Arjuna had several wives and girl friends and yet he got the Vishwaroopa Darshan of SriKrishna, because Krishna decided to show him that Universal form.

 

In my opinion and understanding, although still evolving, we all remain in different steps towards our evolution. As per Krishna's words, we dont get down, but only go upwards birth after birth. So if your mind wants to have sex with your wife, (She is after all your wife), there is no need for you to control and torture your marriage and marital blliss, because spirutual wisdom does not come overnight. Its climbing step by step. In course of time, you by yourself and your wife might get bored with the physical aspect of love, but will still love each other emotionally and stay together. This is evolution of mind in understanding of God.

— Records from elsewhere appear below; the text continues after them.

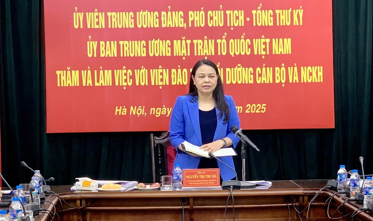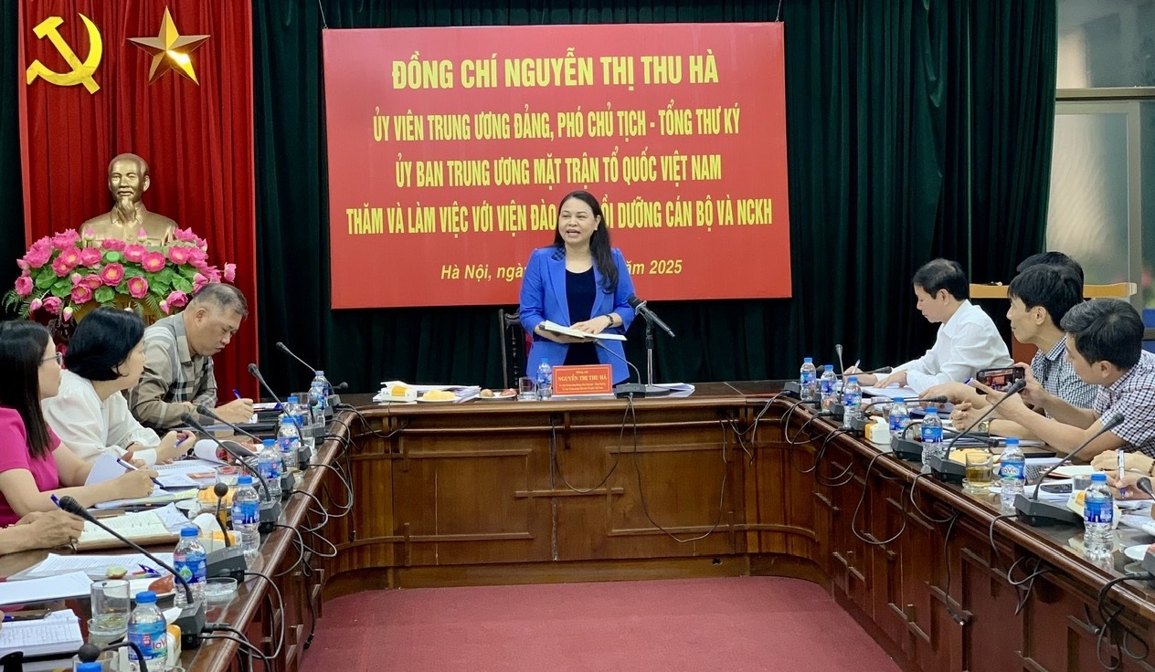 Tại buổi làm việc với Viện Đào tạo, bồi dưỡng cán bộ và nghiên cứu khoa học, đồng chí Nguyễn Thị Thu Hà - Ủy viên Trung ương Đảng, Phó Chủ tịch, Tổng Thư ký Ủy ban Trung ương MTTQ Việt Nam đã có những chỉ đạo sâu sắc, nhấn mạnh yêu cầu cấp bách phải thay đổi tư duy, đoàn kết thành một khối thống nhất và nhanh chóng triển khai các nhiệm vụ chiến lược để Viện xứng tầm với vị thế mới.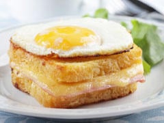 4 tranches de mie de pain, 4 tranches d'emmental, deux belles tranches de jambon, 2 œufs, un peu de beurre.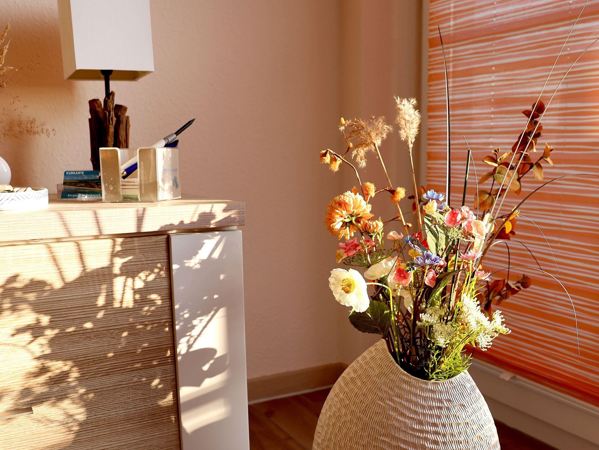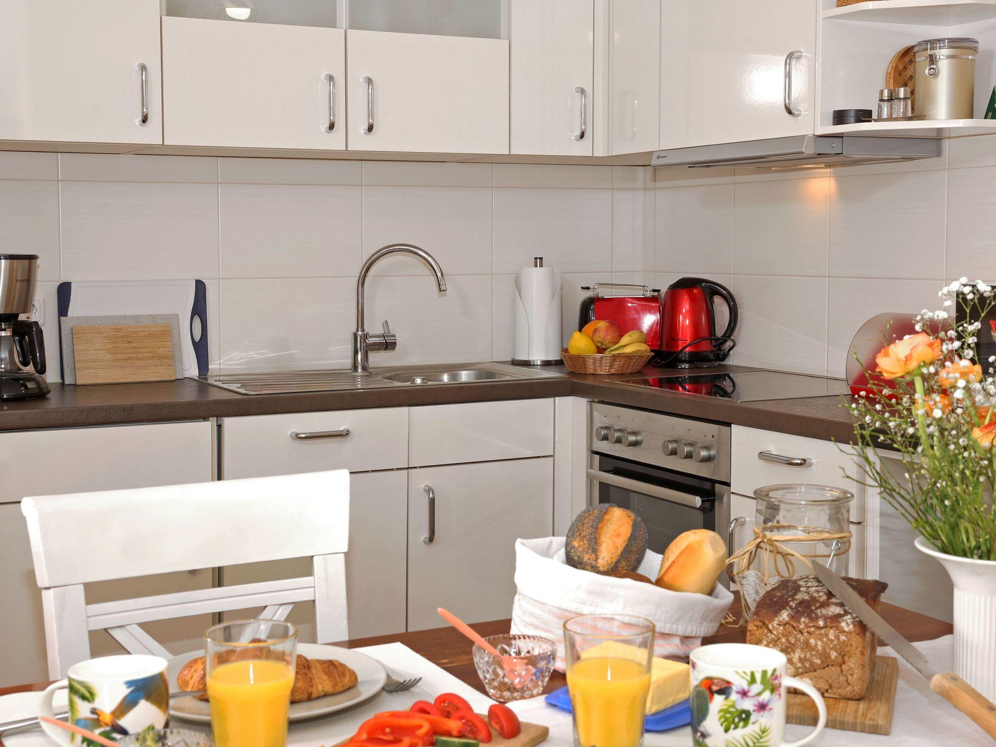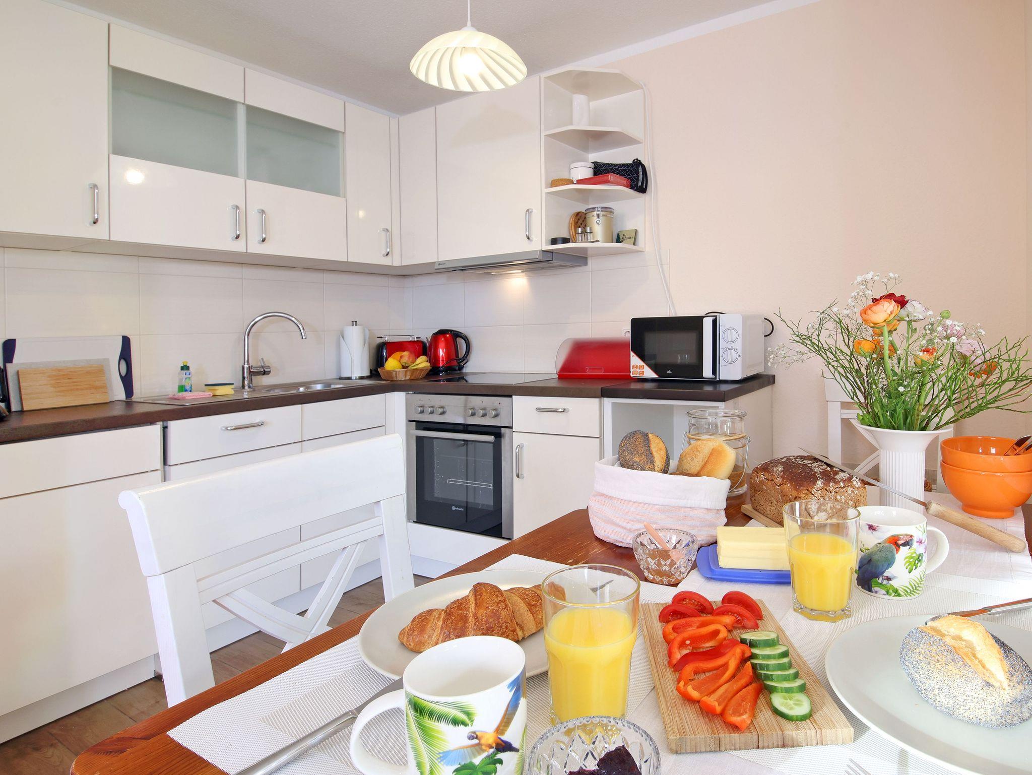 Im Schlafzimmer befindet sich ein Doppelbett mit den Maßen 1,80 x 2,00 m. Eine Schlafcouch für 2 Personen finden Sie im Wohnzimmer. Insgesamt bietet unser Appartement Platz für bis zu 4 Personen. LCD-Fernseher und Radio bieten Unterhaltung in unserer Ferienwohnung. Im offenen Wohnzimmer befindet sich eine integrierte hochwertige Einbauküche mit Geschirrspüler, Herd mit Cerankochfeld, Backofen, Wasserkocher, Toaster, Kaffeemaschine und Kühlschrank mit Gefriermöglichkeit. Das moderne ist mit einer großen fast ebenerdigen Dusche und Handtuchwärmer ausgestattet. Die Sonne kann man ab späten Vormittag bis zum Untergang auf dem großen Süd West Balkon, den man auch über das Schlafzimmer erreichen kann, genießen. So entspannt können Sie die Urlaubstage bei einem Glas Wein und guter Unterhaltung ausklingen lassen. Für unsere kleinen Gäste stehen ein Reisebabybett sowie ein Kinderhochstuhl kostenfrei zur Verfügung. Wir stellen unseren Gästen auch eine Waschmaschine kostenfrei zur Verfügung, diese befindet sich direkt im Appartement. Ebenfalls nutzen unsere Gäste in unserem Appartement einen kostenfreien W-LAN Anschluss. Unser modern eingerichtetes App. liegt nur 250 m vom Ostseestrand entfernt und ist entspannt in 3 Minuten zu Fuß zu erreichen. Das Naturschutzgebiet Conventer Niederung befindet sich in unmittelbarer Nachbarschaft. Der großzügige Flurbereich lädt ein in die Nichtraucherwohnung, die mit einer modernen gehobenen Ausstattung versehen ist. Der PKW-Stellplatz befindet sich direkt vor dem Ferienhaus und ist damit sehr vorteilhaft durch den kurzen Weg zur Ferienwohnung. Wir bitten Bettwäsche und Handtücher mitzubringen.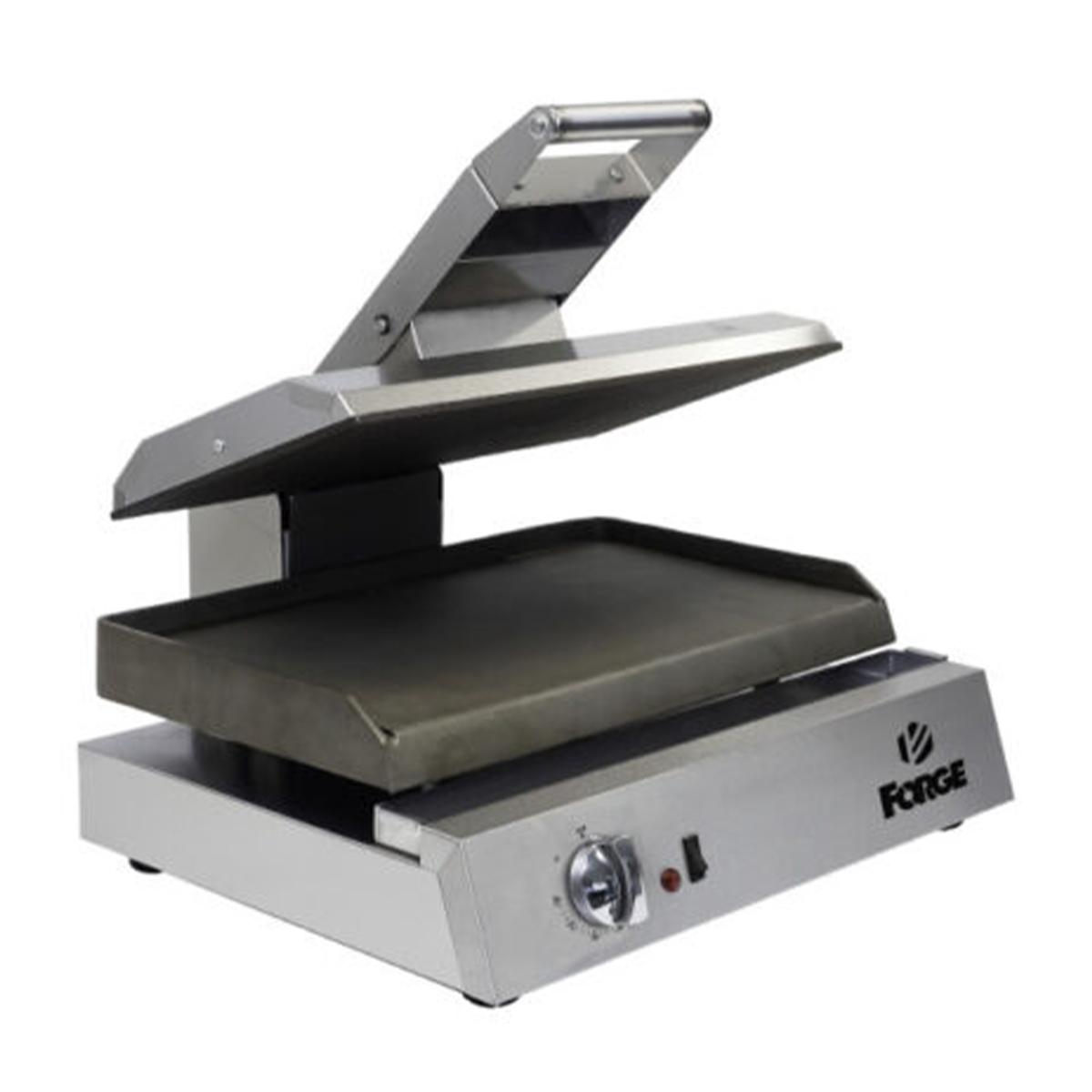 The heavy-duty flat top toaster and griller by Forge is designed to function in the rigorous and demanding environment of busy kitchens in the hospitality industry, with mechanically tested handle operation lasting up to 100 000 cycles with effortless ease. Operating temperature range of 50 – 250 Degree Celsius, with a neutrally balanced top plate with positive latching mechanism. The independently operated bottom plate heat control allows for grilling option.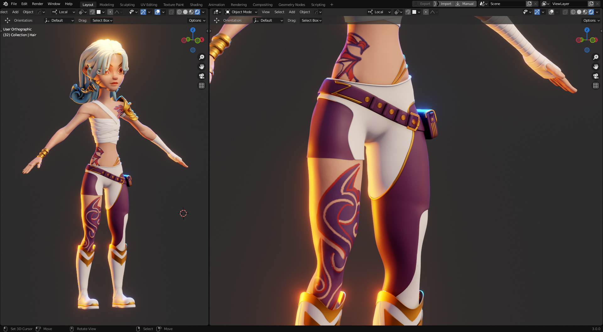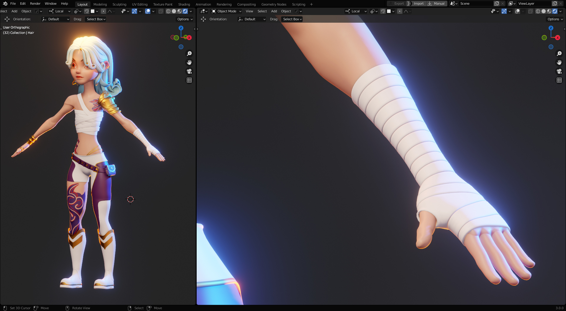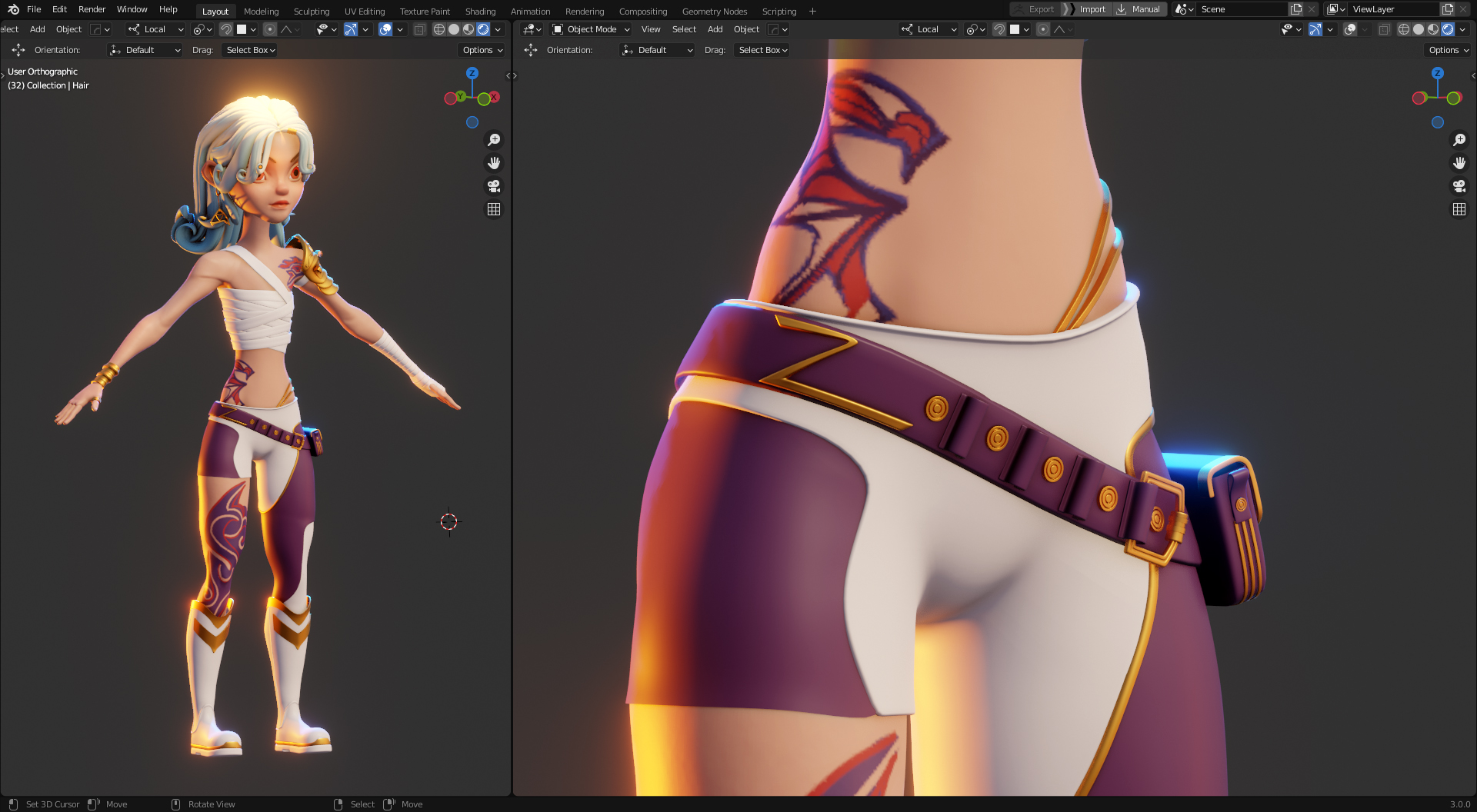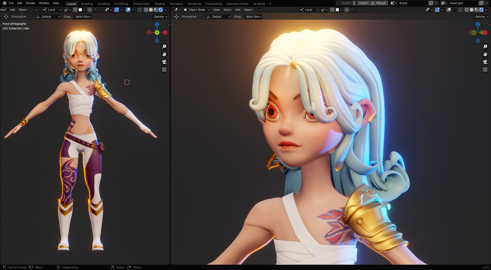 Character has been sculpted with high poly and created using Blender 3.0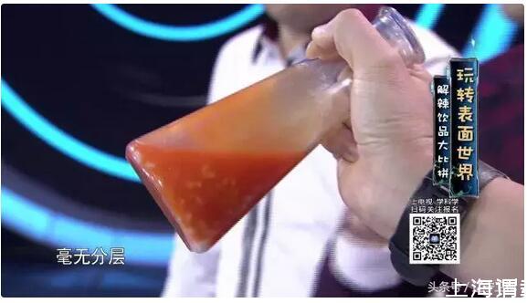 最終,在將辣椒油分別倒入三種飲料里之后發(fā)現(xiàn),只有米湯可以完美的和辣椒油相融,完全沒有分層現(xiàn)象!

To practice abstinence, that is why some of the days in every month like Ekadasi, Dwadasi or on Pradosha days, we observe fasting because when stomach is empty, there will not energy for sex and moreover, a mind engaged in mundane activity gets a break and can better concentrate on the Divine.

 

On the whole, no two individuals in this world are in same level or plane of spiritual maturity for anyone to give a right answer as what is right and what is wrong and who is going to Vaikunta after this birth and who will take birth again, because this whole process by itself is again decided by HIM and even our own actions are decided by Him.

 

As long as your physical pleasures remain within the context of your marriage and only between you and your wife, it is okay to pursue and still pray to Lord and you are not going to be punished. God is not a task master holding a whip all the time...

 

Krishna's best friend Kuchela (Sudhama) had 27 children, and comeon, those were born out of his pleasures, but he also paid the price of putting them in hunger. But yet Krishna did not leave him when Sudama went to Him for help. Basically anything we do materially, we also face the next step of that action materially. We all go through this cycle and in course of evolution of the soul, the soul understands the detachment process and in that birth, you wont feel like having sex at all..

 

I hope my explanation helps.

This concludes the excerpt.